I came here for a training session, Mia, not an audition for Kill Bill 3.


Clark: It's okay, Lois. He's just a truck.
Lois: Oh, Clark, come on. That's like saying Tommy Lee's just a drummer. Sometimes I worry there is no poetry in you.
Clark: You just have to look deeper.

Zod: Look, Clark must have mentioned me. I'm Zod.
Lois: Can't say that he has. And being a championship-wrestling fan, I'd definitely remember a name like that.

Zod: The apple is such a plain yet fascinating fruit.
Clark: What are you doing here?
Zod: You know, it was the apple that launched the Trojan War, one of the great epic battles of all time. And, in many religions here, it's the apple's fall from the Tree of Knowledge that represents the fall of Man. Now, I found that story quite interesting because it so aptly illustrates how humans hoard knowledge. Whereas our own Kryptonian religion... now, that teaches knowledge should be shared... by all.
Clark: I'm sure you didn't come here for a Sunday school lesson. What do you want?

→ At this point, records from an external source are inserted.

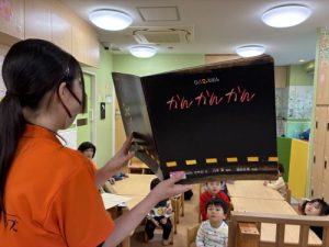 こんにちは!サンライズキッズ保育園国府宮園です☺今週の1冊は…「だるまさんが」という絵本です…
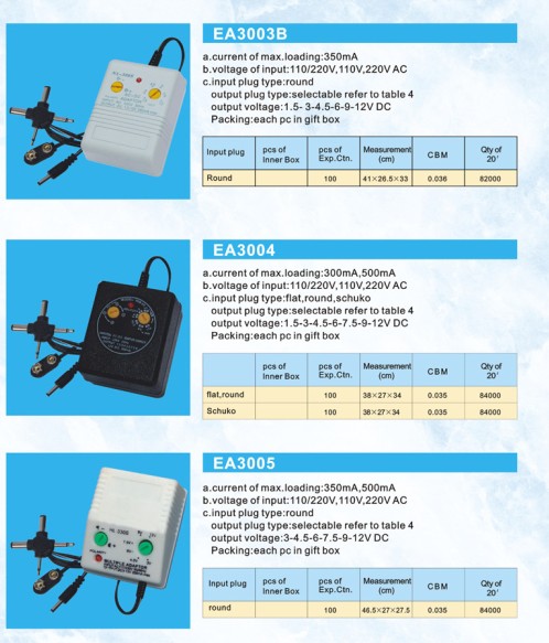 本公司创立于1988年,是一家专业从事生产各类电源变压器AC/DC、AC/AC的厂家。产品以出口为主,销售于东南亚、欧洲、南美洲、中东等国家。产品主要有多功能开关转换可调整流器、旋钮型多档变换整流器、手机充电器,变压器,多功能可调整流变压器,电源转换器,开关电源,电源适配器,电池充电器,卫星天线放大器电源,游戏机、CD机及功放机、收录机等专用电源变压器。本公司于1996年已获得欧洲CE安全认证书,是各商家理想的电源大王。
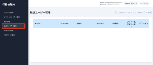 ログイン後、「拠点ユーザー管理」をクリックします。
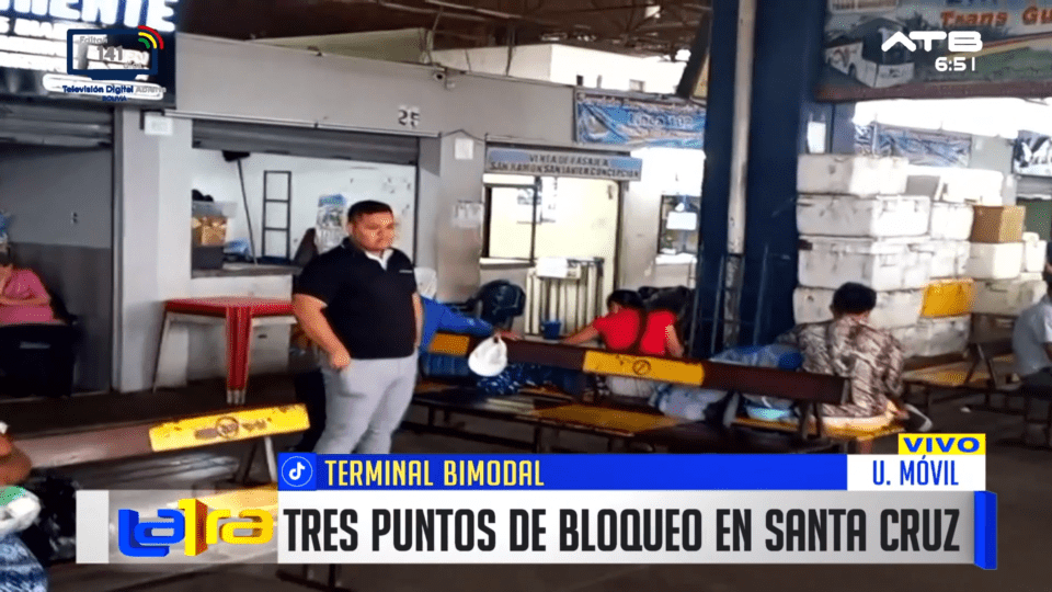 Santa Cruz, 09 de ene 2026 (ATB Digital).- Desde la Terminal Bimodal de Santa Cruz se reporta la suspensión de salidas debido a tres puntos de bloqueo en el departamento. La población permanece a la espera de reanudar sus viajes, mientras comerciantes y transportistas advierten que la mercadería comienza a deteriorarse por la paralización del transporte.
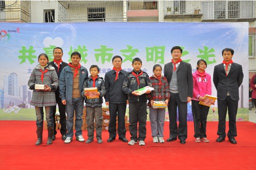 1月7日,共青团福建省委,福建省青少年发展基金会,福建省青年志愿者协会,安利中国日用品公司联合在晋安区站北外口小学开展“共享城市文明之光”主题活动,团省委副书记兰明善看望、慰问了学校教师和在此就读的农民工子女。当天,主办方向学校捐赠了价值3万多元的图书、乒乓球桌等物品,并和同学们开展了丰富多彩的游园活动。在这样一个潮湿寒冷的冬天,同学们收到如此厚重的一份新春礼物,心里倍感温暖。
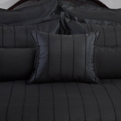The Braxton 4 piece comforter set is a great ensemble, made in the usa from imported fabric, featuring a clean and sophisticated linear design. The set includes the two shams, comforter, and the bedskirt.
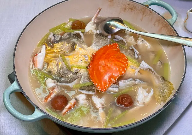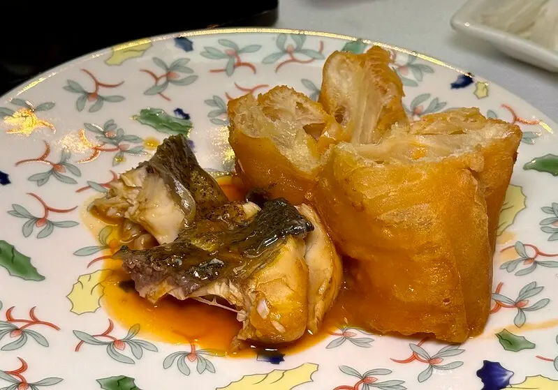 接下來幾道都是「國際寶豐旅行社」和餐廳老闆幫我們加的菜,所以如果名字記錯寫錯,還請見諒。這道料理用了黃魚、螃蟹煮湯,鮮上加鮮之餘巧妙用了梅干調「戲」,湯鮮之餘多了一抹酸香甜糯,就服務生的說法是把三道廣東料理結合為一的鮮蟹雙鮮湯,個人特別愛裡面吸收了蟹鮮的黃魚肉,鮮美無比。
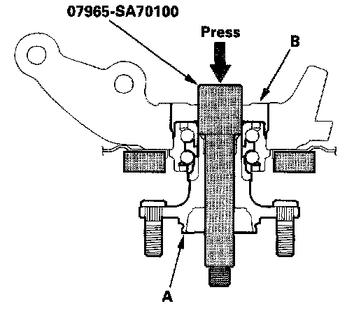 14. Separate the hub (A) from the hub bearing unit (B) using the special tool and a press. Hold onto the hub to keep it from falling when pressed clear.
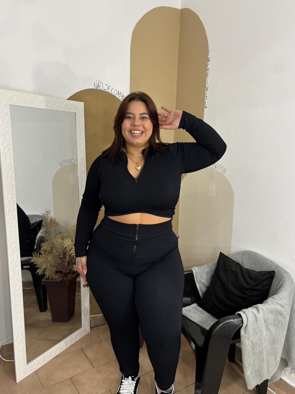Descubra o Conjunto Thiffany, feito em tecido canelado premium 3D que proporciona textura e conforto excepcionais. O cropped, sem bojo, valoriza seu corpo com naturalidade, enquanto a calça apresenta um prático zíper frontal para facilitar o uso.
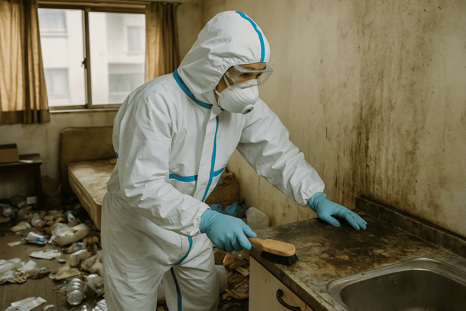 孤独死の現場では、腐敗によって床や壁が汚染されるだけでなく、空間全体に悪臭と細菌が広がっているため、通常の清掃では不十分です。そこで必要となるのが「特殊清掃」と呼ばれる専門的な原状回復作業です。まず、遺体痕や体液が染み込んだ部分の建材を取り除く、または交換する作業が行われます。これは表面的な拭き取りでは対応できず、建材の削り取りや撤去が必要です。次に、空間全体に専用の消毒薬剤を噴霧し、ウイルスや細菌を徹底的に除菌します。さらに、オゾン脱臭機や薬剤による脱臭処理で腐敗臭を取り除きます。この段階で害虫が発生している場合は、殺虫剤や燻蒸による駆除も実施。施工後にはATP検査と呼ばれる衛生チェックを行い、数値的に清浄度を確認します。必要に応じて除菌証明書が発行されるため、再販や再賃貸にも安心です。最後に、腐敗により損傷を受けた床材・壁紙・建具などを新しくリフォームし、原状回復を完了させます。孤独死の現場ではリビングだけでなく、玄関・廊下・隣室にまで影響が及ぶケースも多いため、迅速かつ包括的な対応が求められます。
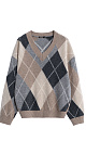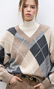 Cashmere knitted jumper with argyle pattern. The model has a loose silhouette, with dropped shoulders and a V-neck. The edges of the product are ribbed.

Lois: Well, it is a lot to wrap your head around--Clark Kent and Lois Lane. Who knew?
Clark: I did.

Lois: I'm a little nervous. It was our first public outing as kind of like a couple.
Clark: Emphasis on "kind of." You wouldn't even let me help you with your coat.
Lois: I held your hand.
Clark: Only when you were taking hors d'oeuvres out of it.

Clark: You know, Lois, we could go back to the farm and take a walk. I could give you Clark Kent's tour of the galaxy.
Lois: Smallville... the only planet you know about is the one you read at the breakfast table.